Leave out the pictures and output exactly the lines below from the one with "表1概括總結(jié)了各種" down to the one with "二季度,重阳战投增持顺丰控股", both of them included.

_Data to process:_
-*-

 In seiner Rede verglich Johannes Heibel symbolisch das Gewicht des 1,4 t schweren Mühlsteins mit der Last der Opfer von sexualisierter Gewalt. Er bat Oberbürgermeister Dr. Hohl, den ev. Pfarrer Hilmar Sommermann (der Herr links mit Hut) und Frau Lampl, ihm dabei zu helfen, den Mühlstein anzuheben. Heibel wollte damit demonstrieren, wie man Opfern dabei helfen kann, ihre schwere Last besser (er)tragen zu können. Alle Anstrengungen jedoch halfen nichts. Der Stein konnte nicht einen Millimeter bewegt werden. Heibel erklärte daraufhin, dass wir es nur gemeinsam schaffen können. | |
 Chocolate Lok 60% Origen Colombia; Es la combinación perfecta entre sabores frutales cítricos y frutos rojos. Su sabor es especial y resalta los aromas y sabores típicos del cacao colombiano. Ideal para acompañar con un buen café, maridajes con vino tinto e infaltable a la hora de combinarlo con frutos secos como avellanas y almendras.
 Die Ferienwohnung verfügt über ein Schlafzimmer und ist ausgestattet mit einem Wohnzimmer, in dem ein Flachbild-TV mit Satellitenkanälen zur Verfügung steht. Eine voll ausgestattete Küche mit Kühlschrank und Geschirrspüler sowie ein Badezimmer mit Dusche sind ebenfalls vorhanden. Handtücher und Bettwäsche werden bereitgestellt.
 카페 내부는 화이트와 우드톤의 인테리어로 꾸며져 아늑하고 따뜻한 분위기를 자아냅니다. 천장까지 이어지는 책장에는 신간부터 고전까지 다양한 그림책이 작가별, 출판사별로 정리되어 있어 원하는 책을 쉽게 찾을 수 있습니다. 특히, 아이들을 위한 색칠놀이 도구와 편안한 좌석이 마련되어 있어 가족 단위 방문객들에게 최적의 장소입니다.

-*-

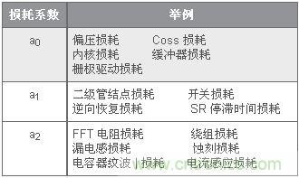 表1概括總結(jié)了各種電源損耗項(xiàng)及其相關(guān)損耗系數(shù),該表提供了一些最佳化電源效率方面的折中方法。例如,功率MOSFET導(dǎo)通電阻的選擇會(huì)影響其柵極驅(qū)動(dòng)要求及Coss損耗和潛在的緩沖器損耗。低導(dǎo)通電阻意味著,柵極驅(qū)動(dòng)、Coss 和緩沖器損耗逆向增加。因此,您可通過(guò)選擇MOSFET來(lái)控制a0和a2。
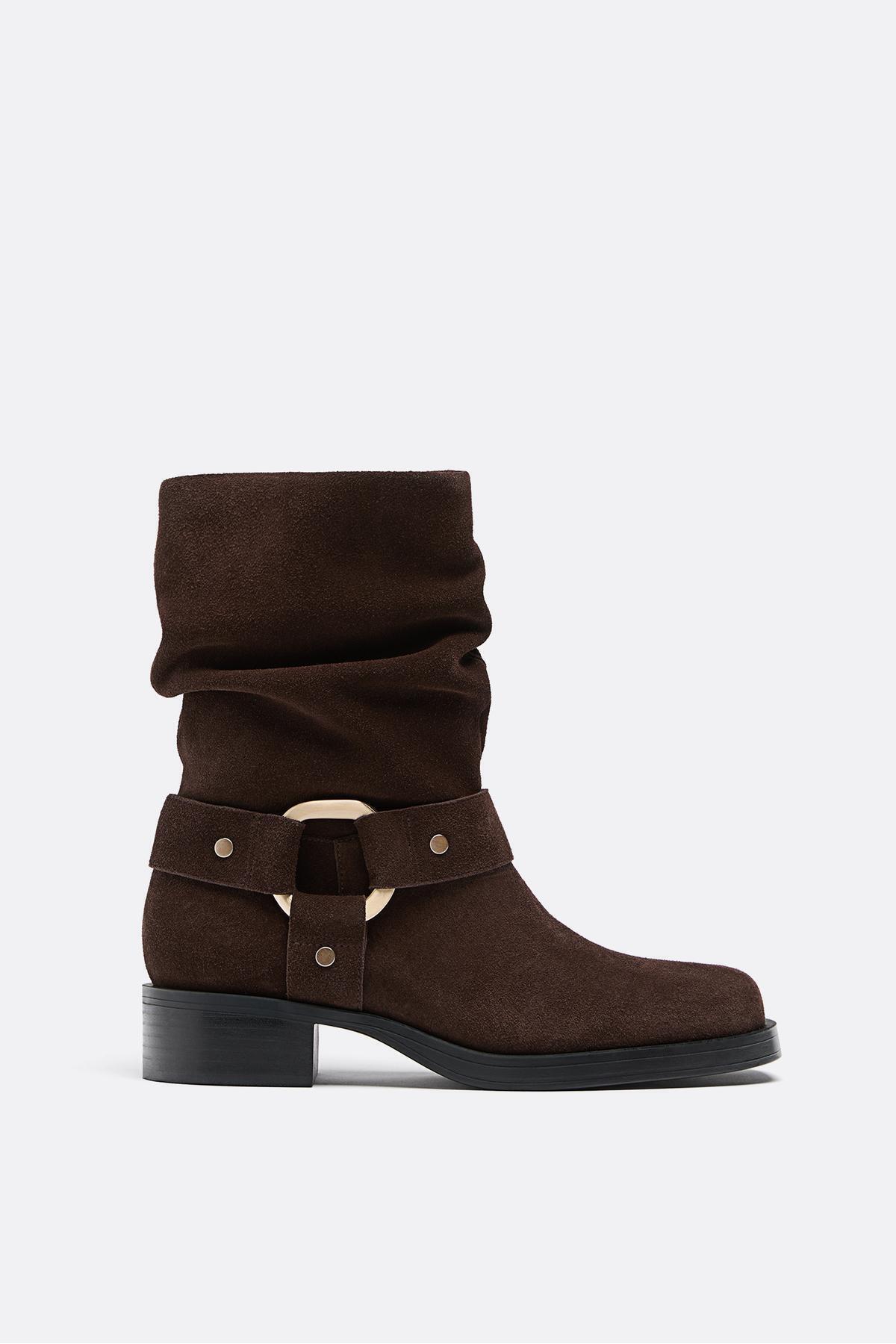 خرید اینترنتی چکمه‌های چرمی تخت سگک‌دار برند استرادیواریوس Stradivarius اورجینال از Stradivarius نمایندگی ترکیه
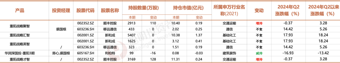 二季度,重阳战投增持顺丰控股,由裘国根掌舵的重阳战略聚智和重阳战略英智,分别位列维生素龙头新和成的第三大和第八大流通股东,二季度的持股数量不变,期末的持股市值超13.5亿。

-*-

_Answer section:_
 表1概括總結(jié)了各種電源損耗項(xiàng)及其相關(guān)損耗系數(shù),該表提供了一些最佳化電源效率方面的折中方法。例如,功率MOSFET導(dǎo)通電阻的選擇會(huì)影響其柵極驅(qū)動(dòng)要求及Coss損耗和潛在的緩沖器損耗。低導(dǎo)通電阻意味著,柵極驅(qū)動(dòng)、Coss 和緩沖器損耗逆向增加。因此,您可通過(guò)選擇MOSFET來(lái)控制a0和a2。
 خرید اینترنتی چکمه‌های چرمی تخت سگک‌دار برند استرادیواریوس Stradivarius اورجینال از Stradivarius نمایندگی ترکیه
 二季度,重阳战投增持顺丰控股,由裘国根掌舵的重阳战略聚智和重阳战略英智,分别位列维生素龙头新和成的第三大和第八大流通股东,二季度的持股数量不变,期末的持股市值超13.5亿。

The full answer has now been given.